Originally posted by starfleetX
Wrong.
Older G4's have a four-stage pipeline.
Apple (well, Motorola) changed with the 733 and up.
Hmm, really? Didn't know that. I guess you learn something every day...
About those nasty percentages, I'm still iffy on how to understand them. I guess 100% faster is twice as fast, but it's still really weird.
Help me out here -- if 100% faster is twice as fast, which means effectively where the benchmark system is at 100% speed (meaning it's as fast as the benchmark, which is itself), then the faster system is at 200% speed, right? So if, let's say, the Pentium that Apple is using as a benchmark is set at 100%, and it performs a certain task in 100 seconds. The Dual GHz G4 is supposedly 72% faster, so it is 172% the speed of the benchmark Pentium. So how long would it take to perform the same task on the Dual GHz G4?

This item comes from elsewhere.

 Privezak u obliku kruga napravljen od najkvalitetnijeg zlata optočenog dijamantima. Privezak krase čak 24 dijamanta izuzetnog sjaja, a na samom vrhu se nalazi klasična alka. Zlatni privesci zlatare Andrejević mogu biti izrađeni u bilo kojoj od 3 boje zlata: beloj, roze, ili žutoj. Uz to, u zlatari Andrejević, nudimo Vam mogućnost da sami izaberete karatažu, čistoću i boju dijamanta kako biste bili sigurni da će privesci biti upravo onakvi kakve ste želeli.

UPDATE: OK, I think I actually get it now. So if 100% faster is effectively 200% of the benchmark system, then this is 2x as fast. So you take the time it takes for the benchmark system to do a certain job and divide it by the factor, in this case 2. So something 100% faster than the base Pentium Apple is using would take 50 seconds to do a task that the Pentium took 100 seconds to do.

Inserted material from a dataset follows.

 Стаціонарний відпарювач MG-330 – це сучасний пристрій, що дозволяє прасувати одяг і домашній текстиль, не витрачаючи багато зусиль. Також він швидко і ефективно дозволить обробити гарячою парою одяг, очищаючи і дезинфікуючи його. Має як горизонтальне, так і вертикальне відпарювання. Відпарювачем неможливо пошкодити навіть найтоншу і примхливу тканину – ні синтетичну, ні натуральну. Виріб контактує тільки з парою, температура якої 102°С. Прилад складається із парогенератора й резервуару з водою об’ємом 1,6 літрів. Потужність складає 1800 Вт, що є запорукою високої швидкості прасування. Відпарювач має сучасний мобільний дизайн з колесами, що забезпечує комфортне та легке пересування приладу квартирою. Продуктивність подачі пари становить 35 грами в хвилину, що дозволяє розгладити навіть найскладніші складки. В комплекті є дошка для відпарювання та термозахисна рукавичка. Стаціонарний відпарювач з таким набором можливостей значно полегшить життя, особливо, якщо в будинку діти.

So, using that, if the Pentium took 100 seconds to do a task, then the 800 MHz G4 would take 79.37 seconds, the 933 would take 66.23 seconds, and the dual 1 GHz would take 58.14 seconds. And using the same reasoning, I can use the 933 as a benchmark for the dual 1 GHz, and use the reverse of the method described above to get that the dual 1 GHz machine is 13.91% faster than the 933 MHz machine.
Whew.
So now, if you say 933 MHz is the base clock speed, then 1 GHz is 107.3% of that clock speed, which means the clock speed is 7.3% faster, contrasted with the real-world estimate (by Apple, anyway) that the dual 1 GHz is actually 13.91% faster. So it seems maybe it does add up, eh?